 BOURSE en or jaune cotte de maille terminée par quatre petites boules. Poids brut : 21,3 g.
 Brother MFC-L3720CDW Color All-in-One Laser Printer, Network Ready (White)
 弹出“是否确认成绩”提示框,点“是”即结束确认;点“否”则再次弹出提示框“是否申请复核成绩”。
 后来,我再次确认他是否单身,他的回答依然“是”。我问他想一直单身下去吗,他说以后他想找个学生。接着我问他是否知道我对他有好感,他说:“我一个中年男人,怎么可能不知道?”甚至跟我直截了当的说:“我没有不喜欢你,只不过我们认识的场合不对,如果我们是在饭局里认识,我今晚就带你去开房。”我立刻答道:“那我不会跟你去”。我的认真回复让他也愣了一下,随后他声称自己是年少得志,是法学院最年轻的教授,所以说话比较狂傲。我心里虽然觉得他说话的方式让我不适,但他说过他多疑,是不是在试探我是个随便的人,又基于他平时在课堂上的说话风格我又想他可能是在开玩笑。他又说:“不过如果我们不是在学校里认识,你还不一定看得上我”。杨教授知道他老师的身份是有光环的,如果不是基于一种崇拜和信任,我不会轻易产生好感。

----

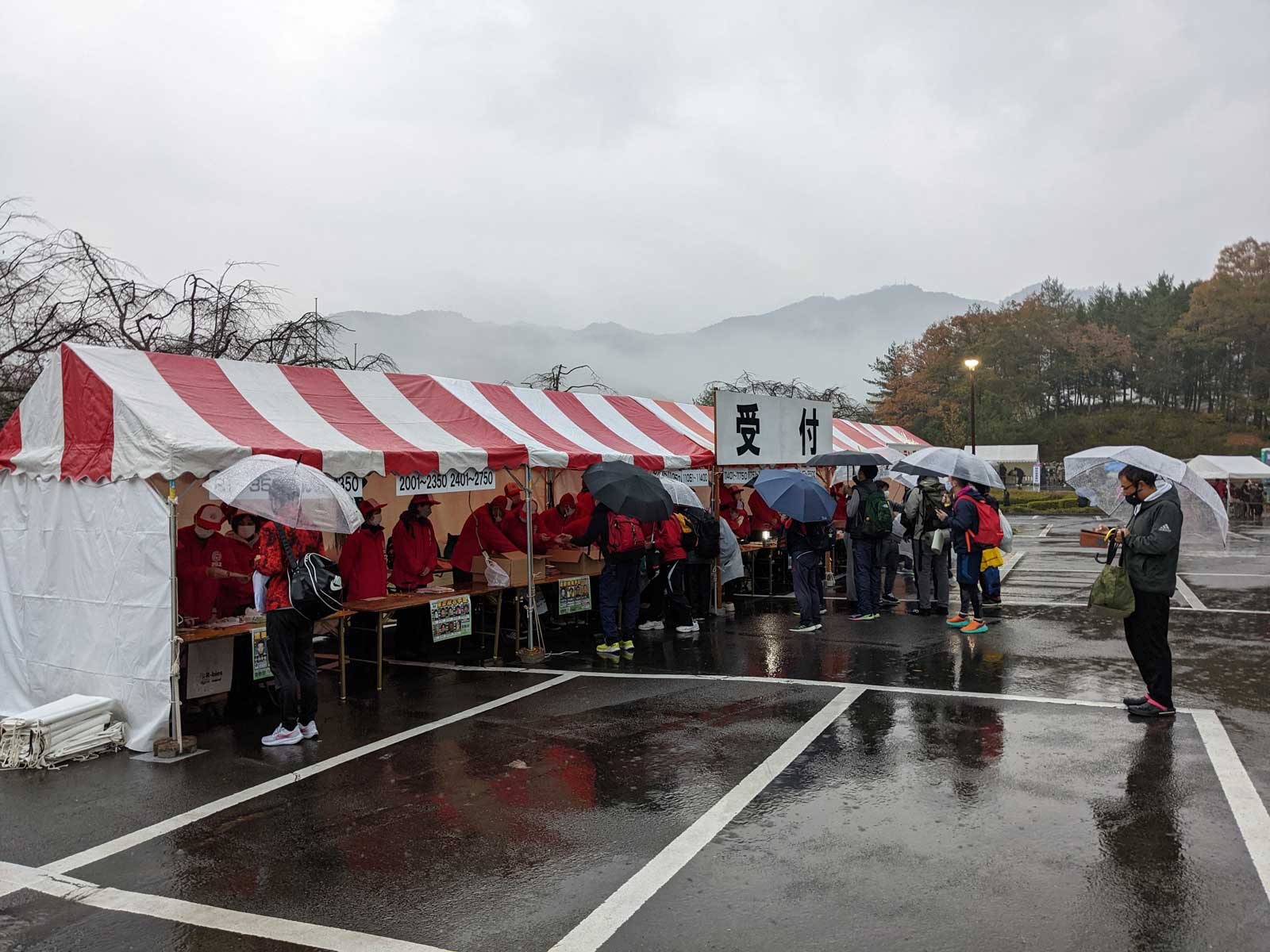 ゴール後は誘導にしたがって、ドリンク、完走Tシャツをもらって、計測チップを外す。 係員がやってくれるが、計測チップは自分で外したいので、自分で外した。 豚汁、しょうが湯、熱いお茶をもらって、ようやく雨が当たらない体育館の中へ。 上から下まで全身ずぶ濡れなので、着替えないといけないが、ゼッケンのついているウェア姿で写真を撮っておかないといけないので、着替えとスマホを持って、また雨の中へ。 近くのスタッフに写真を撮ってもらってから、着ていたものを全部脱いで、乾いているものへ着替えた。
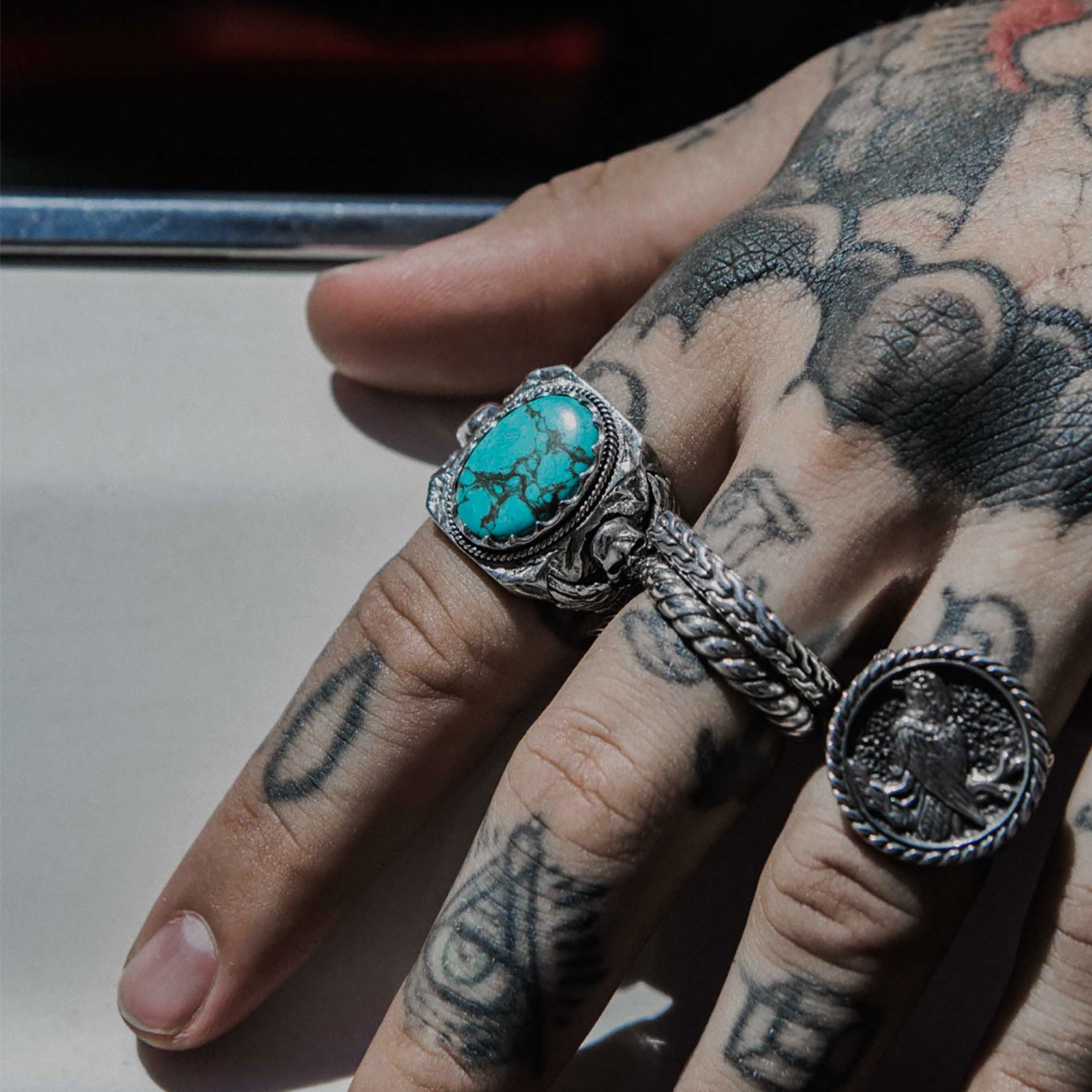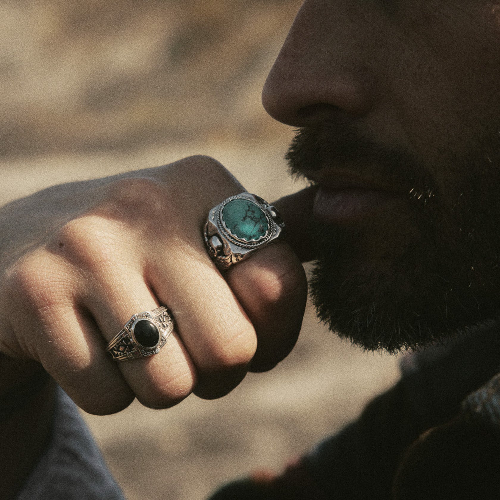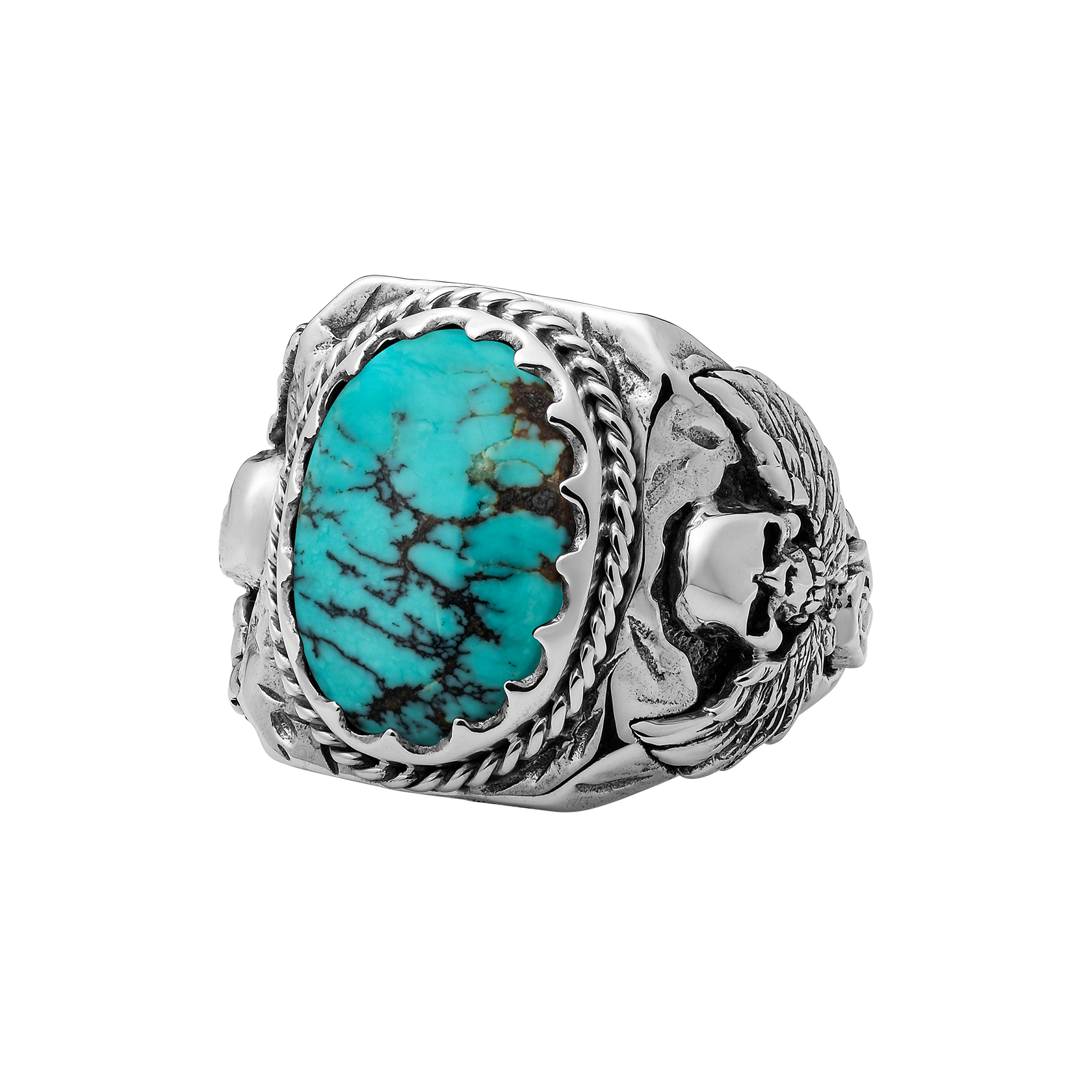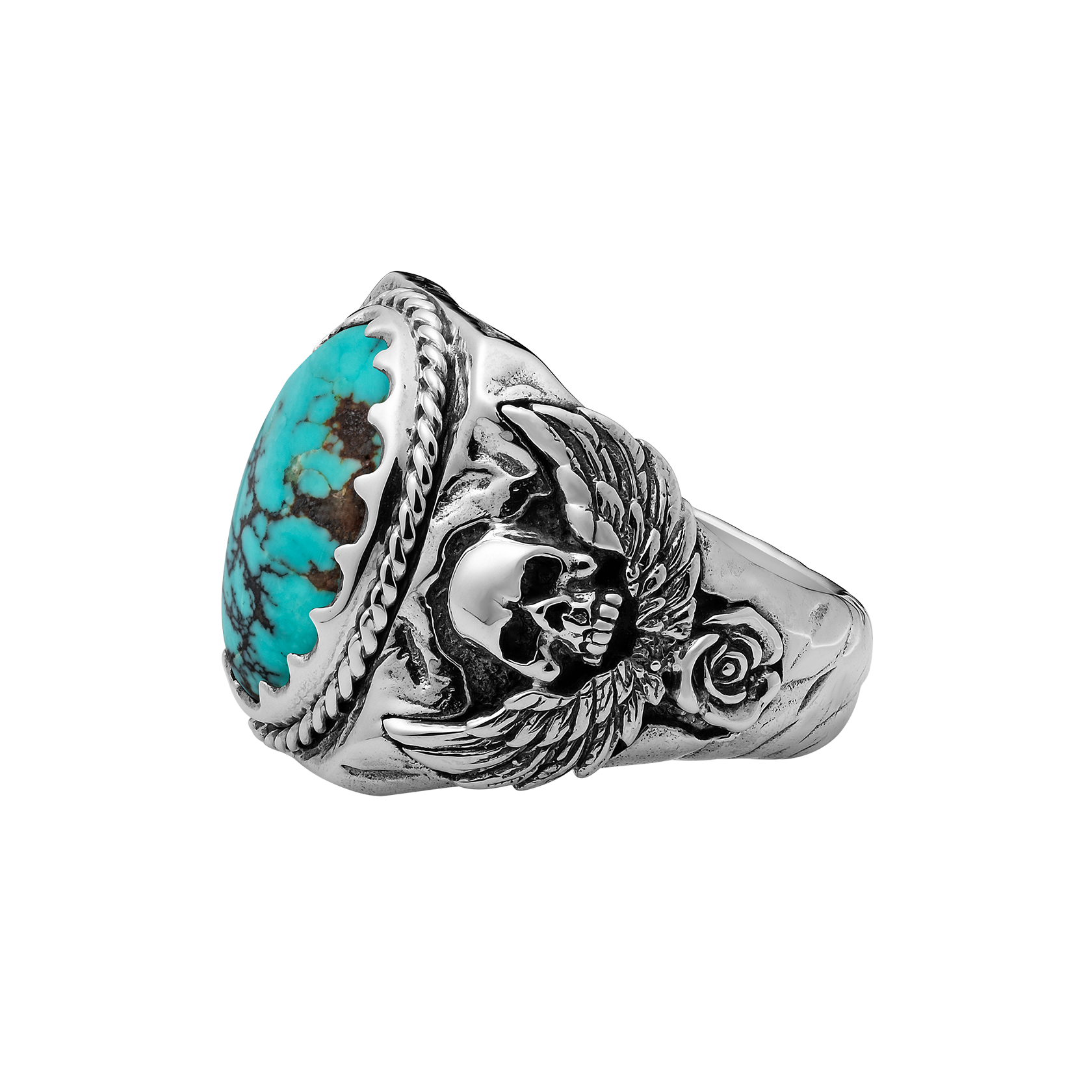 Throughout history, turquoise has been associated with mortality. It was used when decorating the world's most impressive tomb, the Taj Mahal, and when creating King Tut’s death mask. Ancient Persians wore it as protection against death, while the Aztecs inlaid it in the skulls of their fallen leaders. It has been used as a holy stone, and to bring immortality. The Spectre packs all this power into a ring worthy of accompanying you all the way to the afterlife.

----

For the listing above, print only the lines starting at the line containing "BOURSE en or" and ending at the line containing "后来,我再次确认他是否单身,他的回答依然", exactly, both included.

 BOURSE en or jaune cotte de maille terminée par quatre petites boules. Poids brut : 21,3 g.
 Brother MFC-L3720CDW Color All-in-One Laser Printer, Network Ready (White)
 弹出“是否确认成绩”提示框,点“是”即结束确认;点“否”则再次弹出提示框“是否申请复核成绩”。
 后来,我再次确认他是否单身,他的回答依然“是”。我问他想一直单身下去吗,他说以后他想找个学生。接着我问他是否知道我对他有好感,他说:“我一个中年男人,怎么可能不知道?”甚至跟我直截了当的说:“我没有不喜欢你,只不过我们认识的场合不对,如果我们是在饭局里认识,我今晚就带你去开房。”我立刻答道:“那我不会跟你去”。我的认真回复让他也愣了一下,随后他声称自己是年少得志,是法学院最年轻的教授,所以说话比较狂傲。我心里虽然觉得他说话的方式让我不适,但他说过他多疑,是不是在试探我是个随便的人,又基于他平时在课堂上的说话风格我又想他可能是在开玩笑。他又说:“不过如果我们不是在学校里认识,你还不一定看得上我”。杨教授知道他老师的身份是有光环的,如果不是基于一种崇拜和信任,我不会轻易产生好感。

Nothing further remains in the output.